The three of them were sprawled across Jinxes bed staring at the ceiling. Neon stuck out his tongue and looked down his nose at it to check the color, a nice yellowish orange. He sighed and stretched, sticking his tongue back in.

"Man, I want a fix!" Neon whispered. Jinx snorted

"I thought you said you weren't gonna touch that stuff any more?" He asked. Neon rolled over and sat up.

"I'm not, don't mean I don't want one," He answered back. Jinx rolled his head around to look at him.

"But you can't because they're still checking through your stuff,"

"Shut up. What, ya don't crave smokes anymore?"

"No I do, but those are easier to get," Jinx said. Neon snickered and looked at Odin

"Easy to get and he still gets caught with 'em," Neon said. Odin looked up at Neon's upside down profile and asked

"So what did you take?"

"Anything that would fry his brain." Jinx answered before Neon could speak. Neon started chewing on another piece of gum, blue this time. Odin figured he must be trying to get his tongue to be green, for some strange reason. He had discovered it was better not to inquire about motives with Neon.

"Just smoke?" he asked, turning his head in Jinx's direction. Jinx nodded and sat up

"Mostly," he said, keeping his answer vague. Jinx crossed his arms over his chest and tried to look Odin straight in the eye. Failing that he settled for staring at the bridge of his nose. "What about you, you ever take any thing?" Odin's eyes unfocused and he seemed to go a long ways away, into a past they couldn't see. He didn't speak for a long time. The only sounds were the snoring from across the room and Neon's loud chewing.

"No," he finally answered. Jinx raised his eyebrows

"Never?" he asked, somewhat incredulous.

"No," Odin repeated, his gaze sharpening on Jinx. "I never needed outside substances to feel numb."

"What about booze?" asked Neon "you ever gotten drunk?" Odin shook his head

"No." Jinx and Neon looked at each other.

"Whoa," said Neon. "Well you've at least been around the Dens right? Wine women and waste?" again Odin shook his head.

"No, I didn't stay in one place very long."
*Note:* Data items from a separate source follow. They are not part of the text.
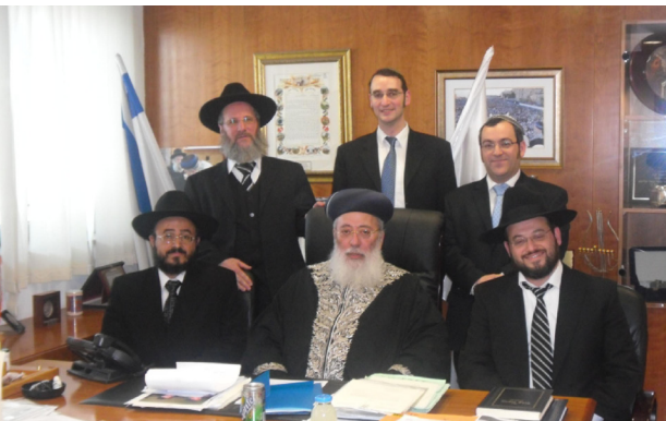
Im Büro des Oberrabbiners des Staates Israel Shlomo Moshe Amar, Januar '11

In diesem Rahmen wurden in den vergangenen sechs Jahren ca. rund 200 Fälle behandelt. Der Bet Din hat dabei etwa 35 Gitin (religiöse Scheidungen) und 60 Gijurim (Übertritte zum Judentum) durchgeführt und bei vielen Anträgen und komplizierten Anfragen Entscheidungen herbeigeführt. Insbesondere im vergangenen Jahr kann die ORD auf aktive und fruchtbare Tätigkeit des Bet Din zurückblicken. Die Kombination von halachischer Kompetenz, menschliches Feingefühl und Effizienz lässt uns optimistisch in die Zukunft blicken und darauf hoffen, dass der Bet Din auch weiterhin an der Bildung und Stärkung jüdischen Lebens in Deutschland und der damit verbundenen G-ttlichen Inspiration seinen Anteil tragen möge.
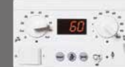
Logamatic BC10 Kazan Kontrol Paneli
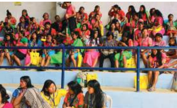
Antioquiako Emakume Indigenen Lehen Kongresua. 2018ko azaroa.

2018. urtea larrialdi egoera batekin hasi zen Bajo Cauca zonaldean, familia indigenen lekualdatzea eta konfinatzea ekarri zuen armatutako taldeen arteko enfrentamenduekin. Mugarik Gabek egoera hori lagundu dugu Arabako Larrialdietarako Funtsaren finantziazioarekin. Urtarrilean larrialdi horren testigu izan ginen, hain zuzen, Pertsona Defendatzaileen Babeserako Euskal Programaren barruan, Richar Sierra OIA antolakun-
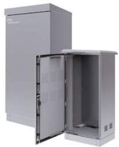
RACKS DE 19 EXTERIORES TELECOMUNICACIONES IP

"Huh, hey Jinx?" Jinx didn't look up from his card shuffle.

"Yeah?"

" You still got that deal go'in?" Jinx took a coin out of nowhere and flipped it across his knuckles,

"Yeah." Jinx tossed the coin and palmed it. He chewed on his lip and looked at Odin. The general out look was one that said he didn't care much about his appearance, but even with the casual position he still looked sinister, with eyes that seemed like holes in the dark. He'd blend in no problem. "We'll let you know next time we go Den hiding, you can come if you want."

"Ya gotta watch yourself com'in back in though," Neon added. "If anyone smells somethin' on your breath it'll be hell! Especially if Ethan finds out" Odin nodded absently. He'd been watching Jinx for the last few minutes palming cards and coins, from who knows where, up one sleeve, back to the other, through the pockets, ears, nose, mouth and from hand to hand. Despite his quick eyes he could barely follow the careful movements and Jinx never did the same trick twice. With a tiny flick of the wrist the whole pack of cards came shooting down his sleeve into his palm and he did a waterfall shuffle, the cards falling from one hand to the other with a little flapping rustle. Then the deck disappeared again and Jinx began flipping coins in its place.

"Where did you learn that?" he asked curiously. Jinx stopped and quickly pocketed the coins.

"Uh, just around."

"Jinx's been do'in that stuff forever," Neon added "but the day he finally pulls a naked woman out of a hat is the day I'll be impressed." Jinx let the cards fall from his hand into a line across the bedspread then flipped his line of cards backwards like domino's and stacked them.